It would be hard to imagine a more distasteful story about a prime minister and a farmyard animal than the one circulating about David Cameron and a dead pig. Thanks, it seems, to the apparent indiscretion of some of his former fellow students and current fellow Tory politicians, we now know more than we might like about alleged initiation ceremonies during his time at Oxford. Even if there is no basis to these rumours, it’s not the sort of thing that makes for a jolly anecdote when entertaining, say, the President of Botswana.
Whatever the facts of this bizarre allegation, we already knew that Mr Cameron, George Osborne and Boris Johnson were rich, spoiled, braying brats while undergraduates. We have long known that their life experiences are far removed from the British people, and that they have little instinctive understanding of the plight of the poor.
“Pig-Gate” has little to do with politics; the Bullingdon Club, to which all three belonged, has little more. Did smashing up a restaurant lead inexorably to the national living wage? Did humiliating members of the public less wealthy than them (as some members are alleged to have done) determine policy on affordable housing in London two decades hence?
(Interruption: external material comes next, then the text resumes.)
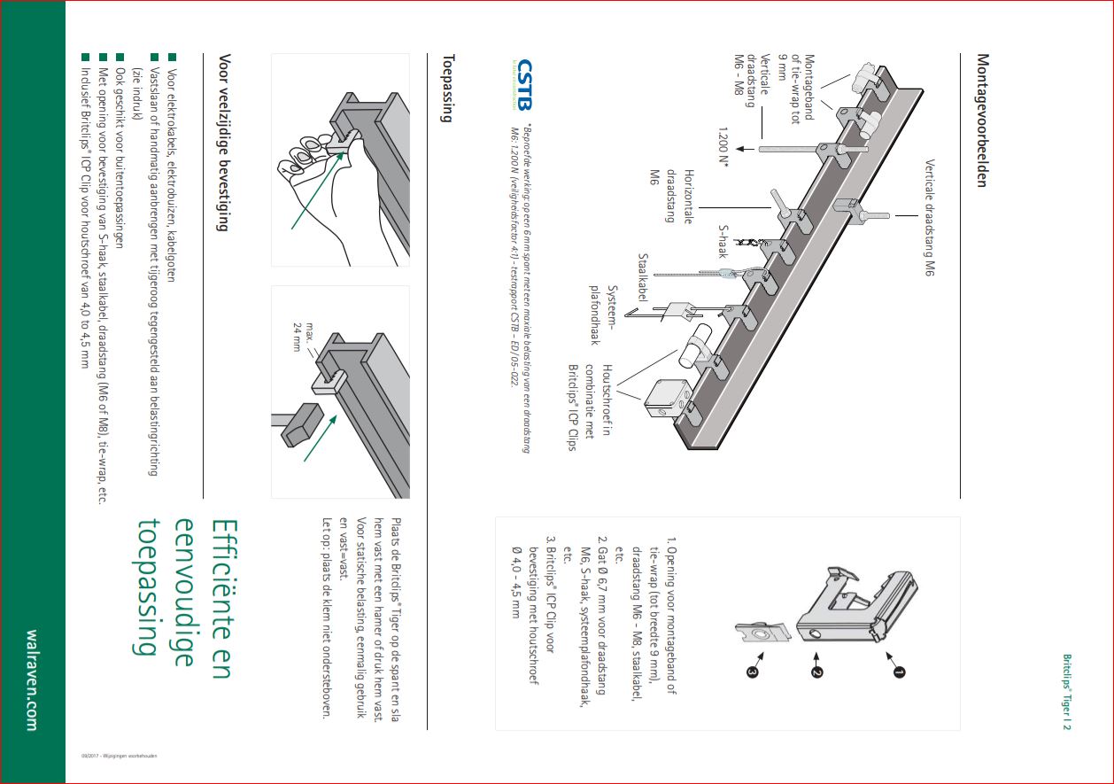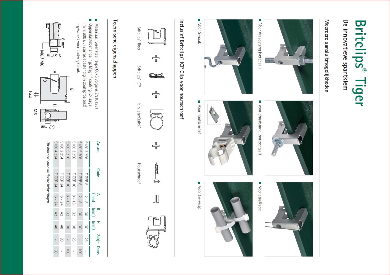 Voor flens montage van bevestigingsmaterialen Voordelen & kenmerken: * Multifunctionele klem * Voor statische belastingen, voor éénmalig gebruik (niet verschuifbaar) * Vastslaan of handmatig aanbrengen met tijgeroog tegengesteld aan belastingrichting (zie indruk) * Ook geschikt voor buitentoepassingen * Met opening voor bevestiging van S-haak, staalkabel, draadstang (M6 of M8), tie-wrap, etc. * Materiaal: verenstaal (type C67S volgens EN10132) * Oppervlaktebehandeling: Magni, 2-laags (min. 600 uur in zoutsproeitest) * Incl. Britclips® ICP, voor houtschroeven van 4,0 to 4,5 mm (zie J 50 07)[/br]

It is inevitable that such gossip, no matter how inconsequential, tends to rise to the surface when someone reaches high office. What is a little odd is that it has taken so long for the allegations of bacon-flavoured misdemeanours to make it to the front page of a newspaper. They are, however, remarkable.
At a stage in his Oxford degree course when, at an equivalent moment in theirs, Harold Wilson was swotting, Margaret Roberts was making earnest speeches to the university Conservative Association and Tony Blair was pretending to be Mick Jagger, it is suggested that Mr Cameron was out of his own head – and into that of a dead pig. It is an image that, unfortunately, true or not, sticks in the mind.